_Action item_
As output, give the exact lines from the one containing "Выбирайте для маникюра" through the end of the listing below, both included, without the pictures.

_Dataset extract_
=== Section Start ===
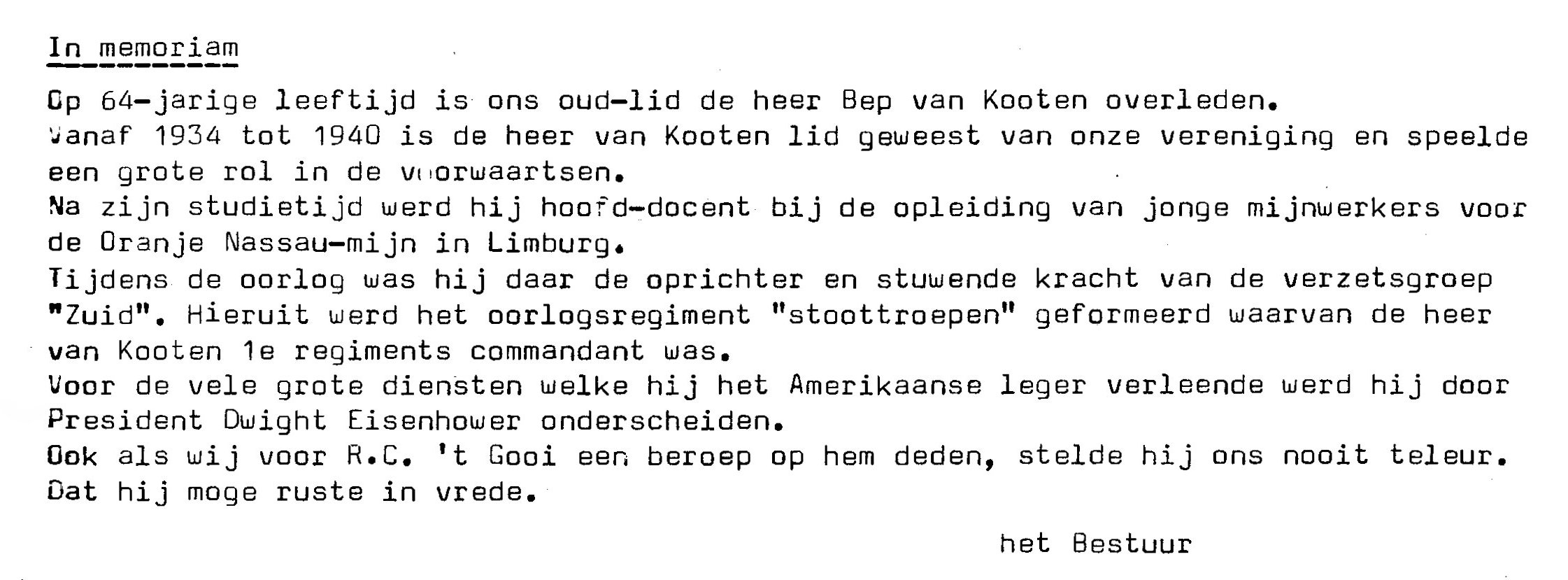Ik werd zelf in m’n diensttijd in 1972 bij de Stoottroepen geplaatst. In 2005 werkte ik mee aan een boek, gebaseerd op het dagboek van een Stoottroeper, over de strijd in Nederlands-Indië in de periode 1945-1948. De naam Bep van Kooten kende ik in dat verband. Maar dat hij net als ik bij RC ’t Gooi rugby had gespeeld maakte het toeval wel heel erg groot! Reden genoeg om eens wat meer aan de weet te komen over deze opmerkelijke Gooier.
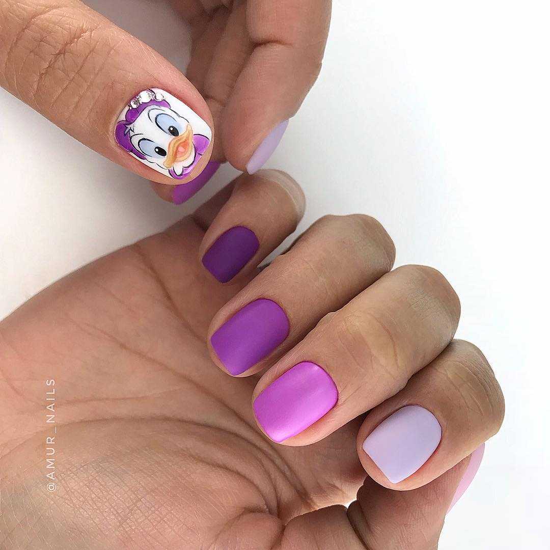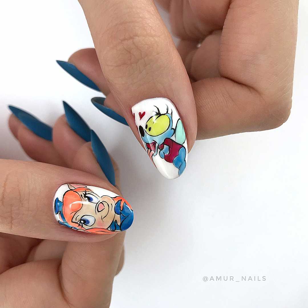 Выбирайте для маникюра героев мультфильмов, комиксов и аниме. Самое простое решение – использовать готовые наклейки, которые легко перенести на ногтевую пластину. Более сложная задача – рисовать персонажей кистью и точками. При этом лучше всего ориентироваться на фотографию.
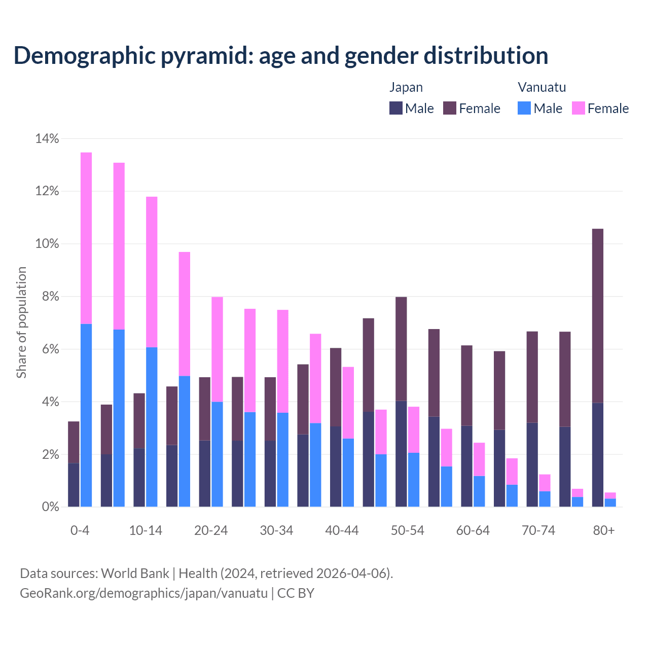 Demographics of Japan compared to Vanuatu:
=== Section End ===
_Answer to the exercise_
 Выбирайте для маникюра героев мультфильмов, комиксов и аниме. Самое простое решение – использовать готовые наклейки, которые легко перенести на ногтевую пластину. Более сложная задача – рисовать персонажей кистью и точками. При этом лучше всего ориентироваться на фотографию.
 Demographics of Japan compared to Vanuatu:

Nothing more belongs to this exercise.